Listed records:
*** Block opens ***

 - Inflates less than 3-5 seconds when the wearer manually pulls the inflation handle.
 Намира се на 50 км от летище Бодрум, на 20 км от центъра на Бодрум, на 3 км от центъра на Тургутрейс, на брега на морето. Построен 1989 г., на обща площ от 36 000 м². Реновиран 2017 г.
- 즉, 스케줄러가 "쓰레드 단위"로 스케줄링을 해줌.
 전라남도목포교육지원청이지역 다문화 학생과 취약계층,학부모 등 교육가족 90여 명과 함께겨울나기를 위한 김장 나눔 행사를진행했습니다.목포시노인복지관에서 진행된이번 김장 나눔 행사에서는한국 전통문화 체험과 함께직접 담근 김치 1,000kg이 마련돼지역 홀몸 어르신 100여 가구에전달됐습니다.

*** Block closes ***
*** Block opens ***

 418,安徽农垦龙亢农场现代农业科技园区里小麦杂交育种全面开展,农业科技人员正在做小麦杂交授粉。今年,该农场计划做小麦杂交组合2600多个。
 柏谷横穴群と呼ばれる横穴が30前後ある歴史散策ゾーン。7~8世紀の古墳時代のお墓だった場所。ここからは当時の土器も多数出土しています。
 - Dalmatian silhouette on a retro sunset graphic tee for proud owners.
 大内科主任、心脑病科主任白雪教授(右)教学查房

*** Block closes ***

Task goal:
Begin at the line that has "Намира се на" in the entries above; stop after the line that has "전라남도목포교육지원청이지역 다문화 학생과". Transcribe exactly those lines and no others.

Exercise result:
 Намира се на 50 км от летище Бодрум, на 20 км от центъра на Бодрум, на 3 км от центъра на Тургутрейс, на брега на морето. Построен 1989 г., на обща площ от 36 000 м². Реновиран 2017 г.
- 즉, 스케줄러가 "쓰레드 단위"로 스케줄링을 해줌.
 전라남도목포교육지원청이지역 다문화 학생과 취약계층,학부모 등 교육가족 90여 명과 함께겨울나기를 위한 김장 나눔 행사를진행했습니다.목포시노인복지관에서 진행된이번 김장 나눔 행사에서는한국 전통문화 체험과 함께직접 담근 김치 1,000kg이 마련돼지역 홀몸 어르신 100여 가구에전달됐습니다.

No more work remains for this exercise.